Five silver baubles got left behind in the great re-packing of all the Christmas decorations. Leave them out as a kind of vanitas vanitatum or dig out the bauble box all over again and re-pack as a penance?

A bottle of Magdalenenkreuz Riesling Kabinett which a pal of mine brought over from Germany (along with a bottle of Schnapps of deep and awful persistence) a while ago - now I've had time to neck it, how do I feel? More positive than ambivalent, in a spirit of Yule reconciliation, not a million miles from the way I felt about that mead a month or so back. Floral, fragrant, nicely-framed sweetnesses, apple sensations, leaves your teeth feeling as if they've been coated in flock. Would I want to drink it again? Maybe with duck?

Turkey soup is more consoling than one might imagine. My Brother-in-Law would claim that this is because, like chicken soup, it contains phytonutrients and glucosamine, both helpful in the prevention of colds and flu. He's the retired head of the international currencies department of a big chemicals company. Everyone's an expert, these days.

Only ever use Port in cooking.

Someone kindly gave me a small case of even smaller bottles of Merlot and Durif, assorted, enough in each bottle for one big glassful but no more. Were they trying to tell me something? What were they trying to tell me? Why would I even think they were trying?

Which famous playwright was afraid of Christmas? Noël Coward.

I got some socks. I actually wanted socks.

Sprouts and coriander are not a good mix. I only threw the coriander in because it was about to go off. We experienced repercussions all the way down the M4 on Boxing Day.
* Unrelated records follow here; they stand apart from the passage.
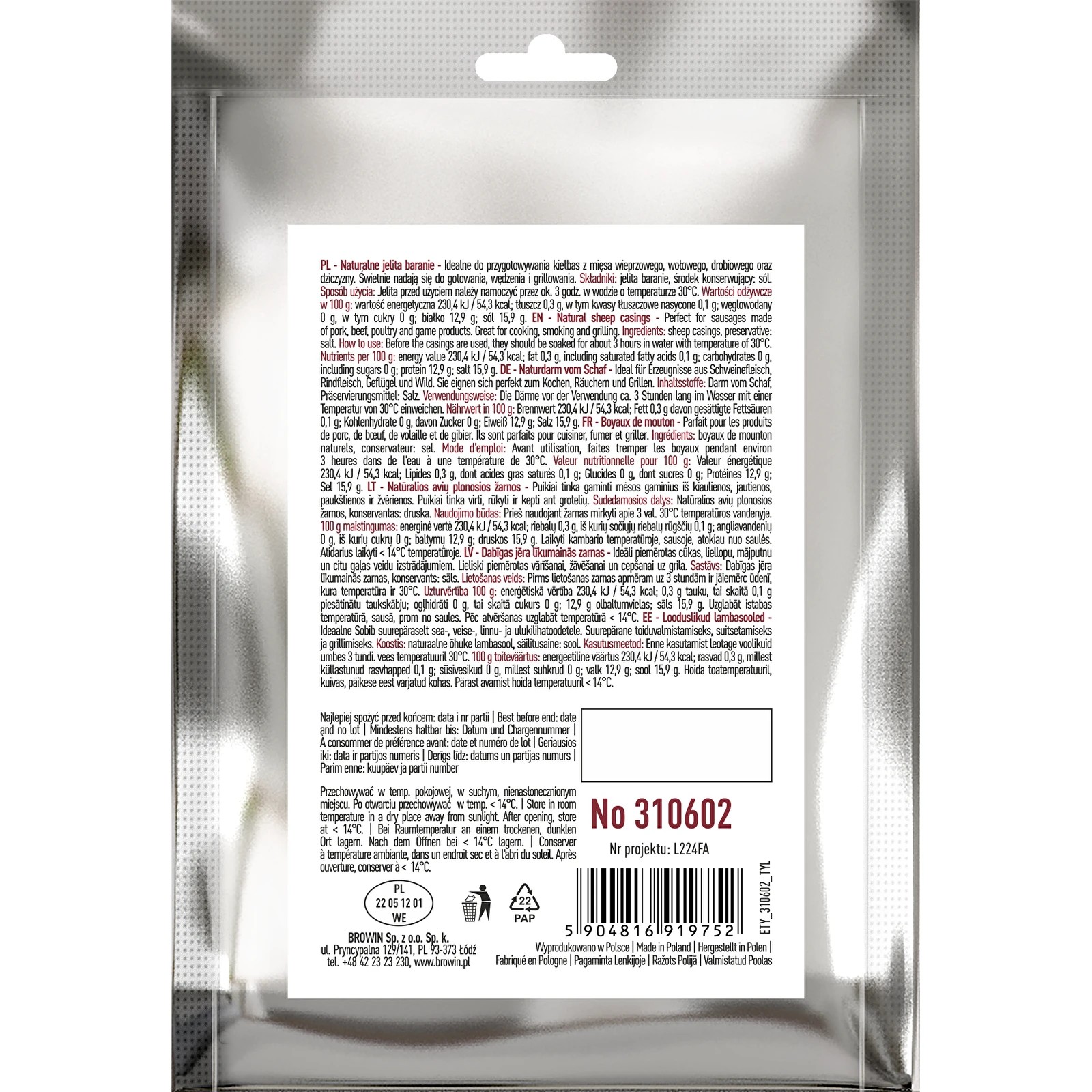 Soolte läbimõõt 18mm, pikkus 15m. Ideaalne kabanosside, frankfurterite ja grillvorstide tegemiseks.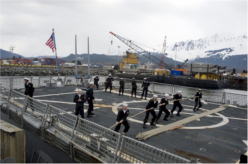 | 129k | 080503-F-3108S-112. Seward, Alaska, May 3 2008, crew members of the guided-missile destroyer USS John Paul Jones (DDG 53) make a port visit to resupply before participating in the two-week Northern Edge joint exercise. Northern Edge involves units from all U.S. military services to enhance interoperability and cooperation. U.S. Air Force photo by Airman 1st Class Jonathan Steffen. | Robert M. Cieri |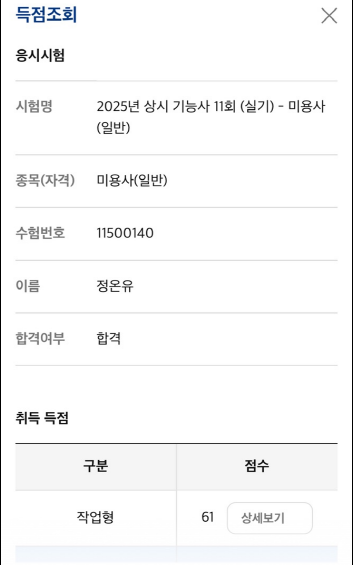 미용사(일반) 합격 페이지 정보 작성자 춘천캠퍼스 작성일25-07-03 10:14 조회241회 댓글0건 관련링크 이전글 다음글 목록 본문 . 댓글목록 등록된 댓글이 없습니다. 이전글 다음글 목록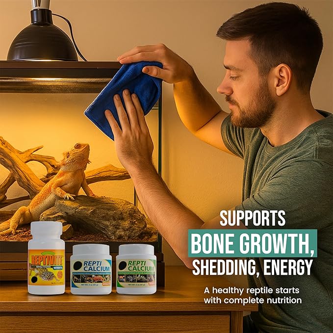 Repti Calcium with D3 (3 oz), Repti Calcium Without D3 (3 oz), and Reptivite Without D3 (2 oz) for Reptiles, Includes Trinity Treats Microfiber Cleaning Cloth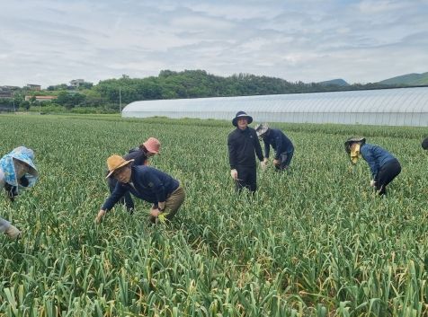이 날 일손 돕기는 농촌 고령화 등으로 일손이 부족한 농가를 돕고자, 홍보전산실 직원들이 참여해 계포리 마늘밭(5,280㎡)에서 마늘종 제거 작업에 팔을 걷어 붙였다.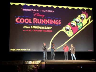 Before the screening, the El Capitan welcomed Director John Turteltaub to the stage, whose other Disney credits include The Kid, The Sorcerer's Apprentice, and the National Treasure films. He explained that the last time he saw Cool Runnings on the big screen was at the El Capitan on opening night (the theater had been under Disney ownership for just 2 years at the time). That particular screening was poorly attended, causing him to worry that the film would be a flop.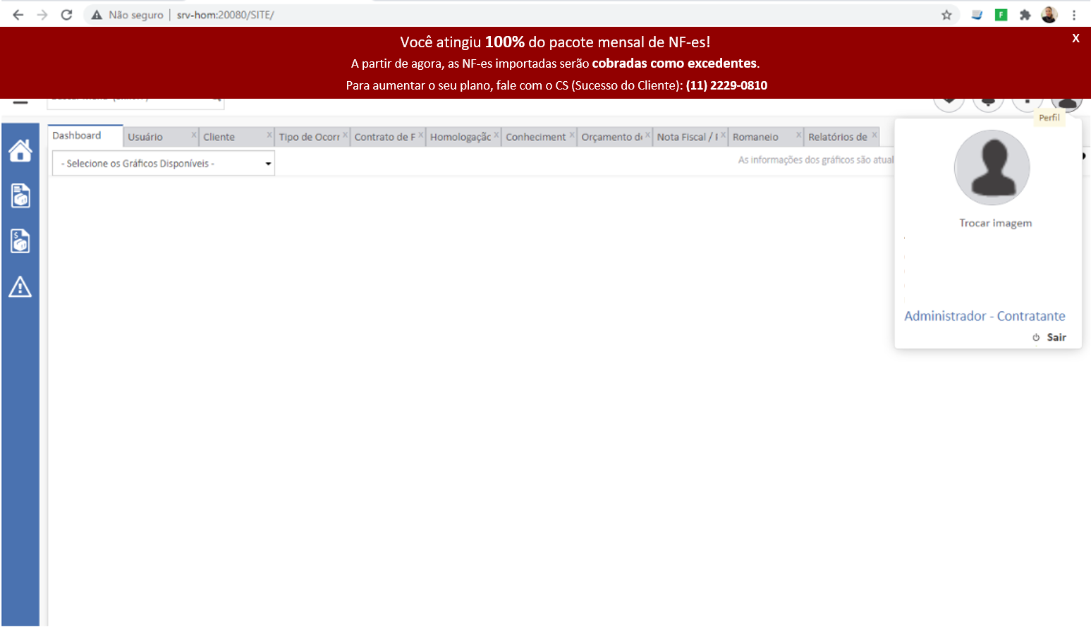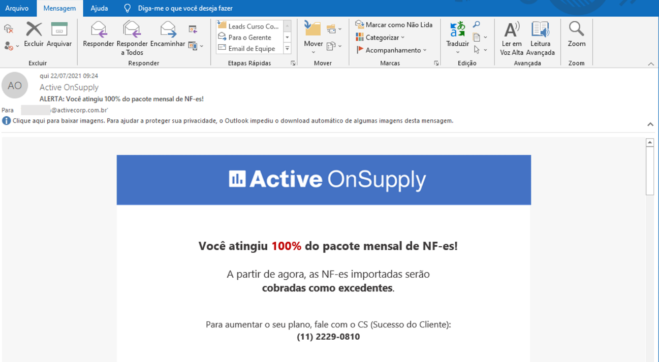 Assim, você não precisa se preocupar em gerar relatórios para checar se você está atingindo o limite de notas contratadas, nem será pego de surpresa com cobranças de excedentes no final do mês! O Active OnSupply avisará na tela quando você atingir 80% e 100% do limite de notas contratadas, enviando também uma notificação por e-mail para o usuário gestor.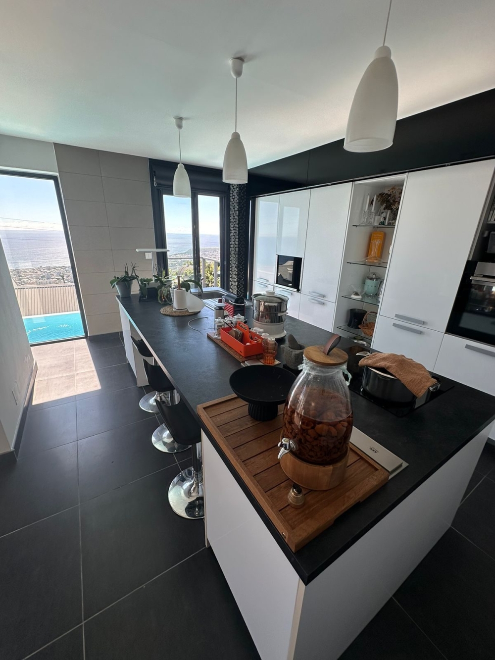 La villa se compose au rez-de-chaussée d'un séjour avec cuisine ouverte et équipée avec vue mer, deux chambres climatisées, une salle de bains et un toilette.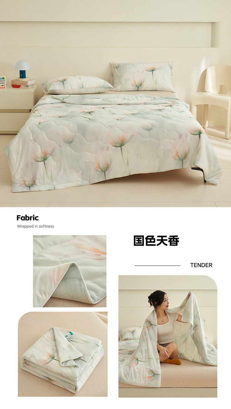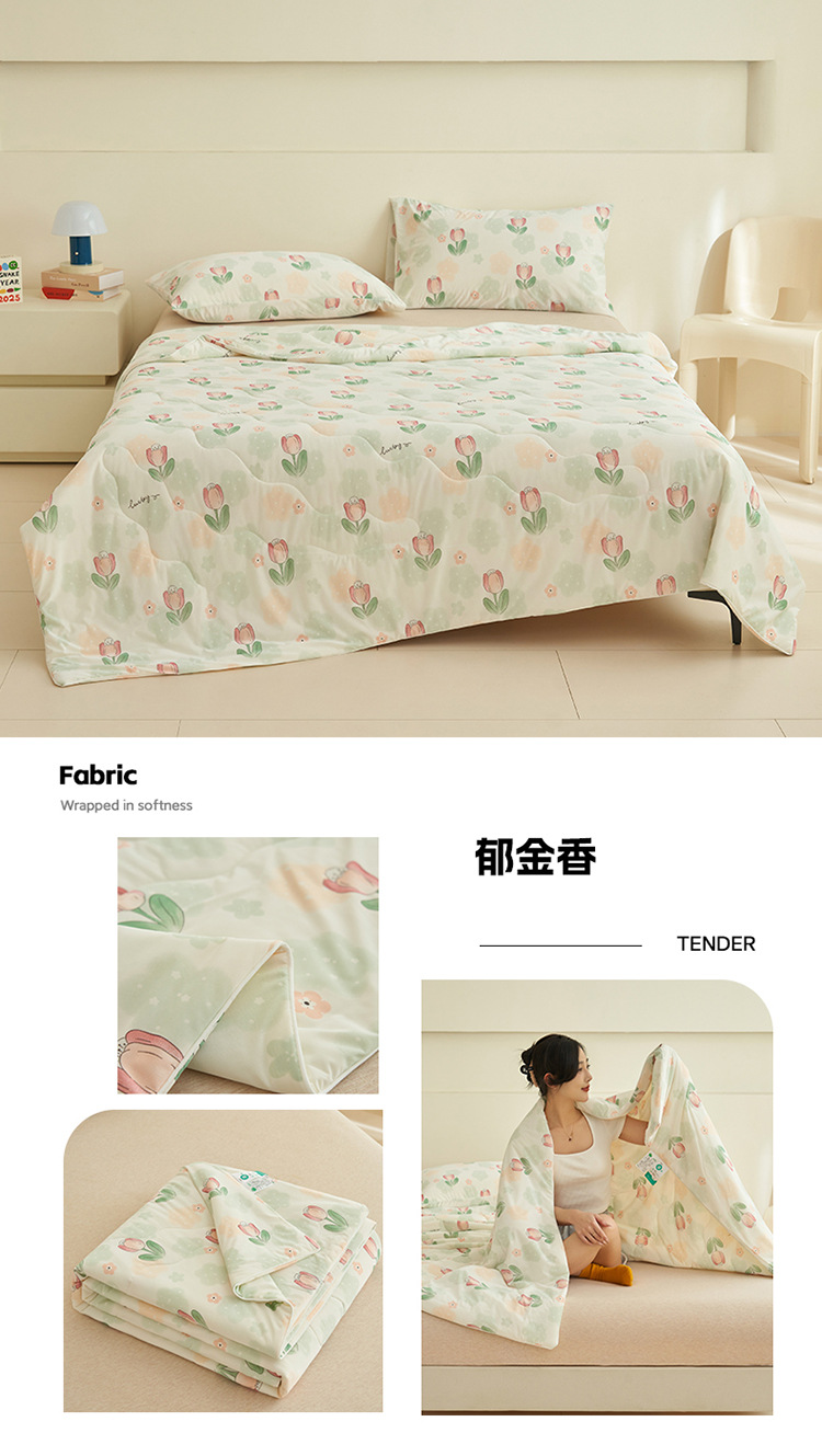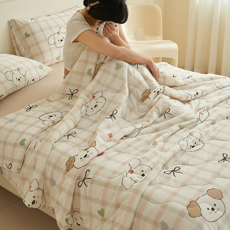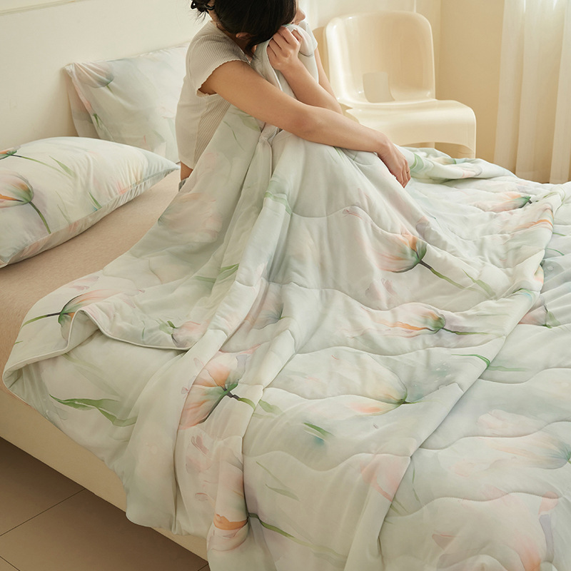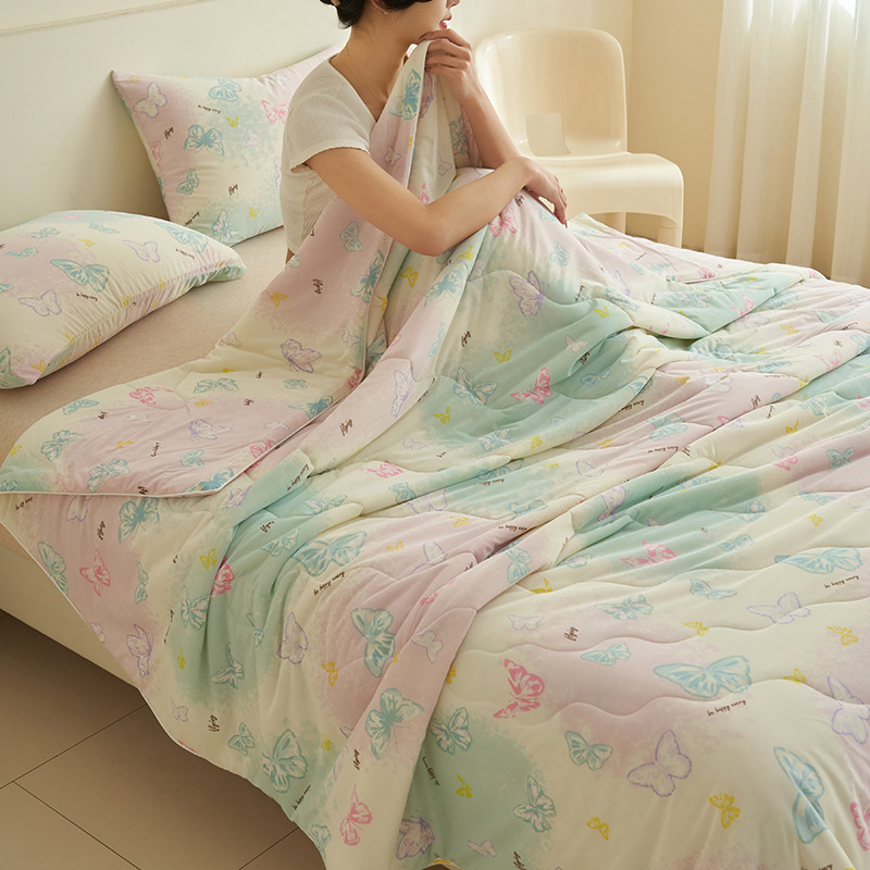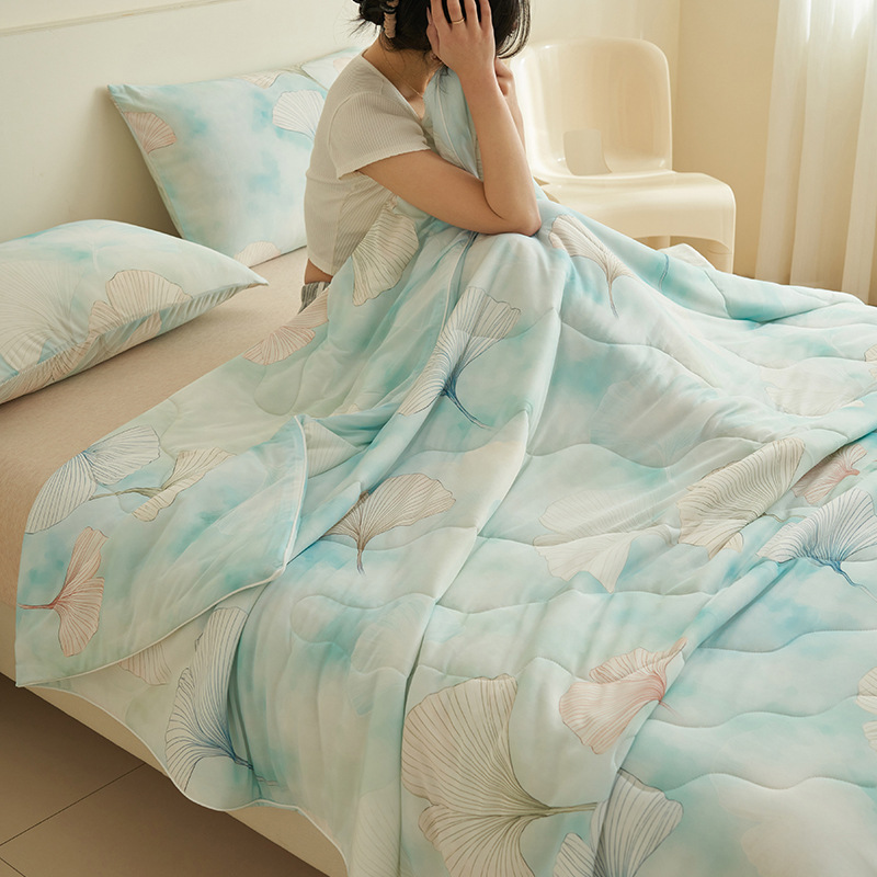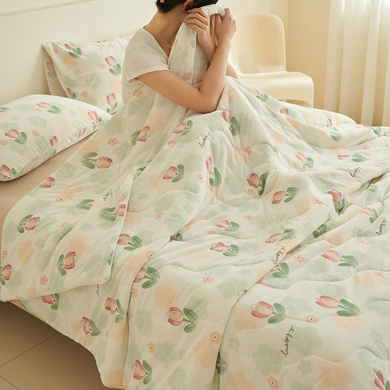 시원한 실크 여름 이불 기계 빨 수있는 에어컨 이불 싱글 학생 기숙사 여름 시원한 이불 부드러운 여름 선물 이불 도매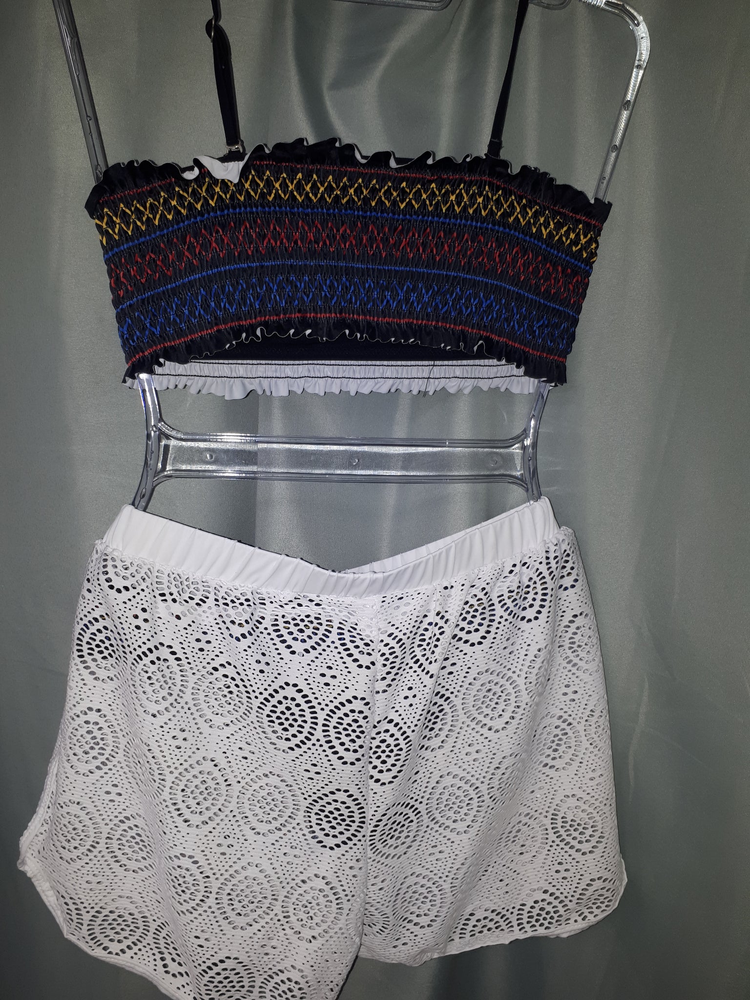 Shorts rendado com elástico na cintura super larguinho bem confortável ideal para praia piscina ou cruzeiros combina com qualquer biquíni veste muito bem nos tamanhos p m e g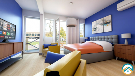 Découvrez le studio Isaline, un F1 de 30 m² situé au 1er étage de la résidence, côté rue de Verdun.

Then again, I can't blame that wholly on the coriander. The Services at Magor, Monmouthshire, seem to have improved.

I was also given a mixed case of Italian reds by my Pa-in-Law, who, on his own account, drinks nothing but a furious kind of Primitivo, weighing in at 14% if not more, stuff you can use as a general anaesthetic if needs be and what with one thing and another it can be hard to get anything in his part of South West Wales, so a bottle of this and your appendix is as good as out. I mean, that's how he rolls. Among the mixed reds I notice a couple of Lambruscos. Thirty years ago they used to market this with a nylon Fun Bug attached to the neck - Lambrusco, according to the rationale of the time, being the sort of drink to appeal to young women out on a Hen Night and in need of a Fun Bug or equivalent. Am I ready for Lambrusco now, in 2020, at my age? I want to pair it, conceptually, with the Riesling, a sweetish drink I might have drunk back then but view with some apprehension now. On the other hand, it has got a nice cork/safety string arrangement at the top, plus strong violets according to the blurb on the back, which makes it a bit toney and therefore probably okay. And only 11%! I can take down a microbottle of Durif as aperitif, work through a whole Lambrusco while eating supper before, at last, winding down with a Schnapps or two, only to be found later in a confused state wandering the Hangar Lane gyratory system, claiming to be Oliver Reed.

Mince Pies actually help you lose weight.

I failed to get any dessert wine this year, a semi-intended omission on my part. I mean, I like a Beaumes de Venise, but these days not enough to want to drink it. Would the Lambrusco have done, if I'd actually got it on Christmas Day, to go with the pudding?

I found a very small, crap, artificial Christmas tree laced with battery-powered multi-function twinkling lights, in a bin-liner at the back of a cupboard. It became my tree. I'd keep it out all year, if I thought I could get away with it.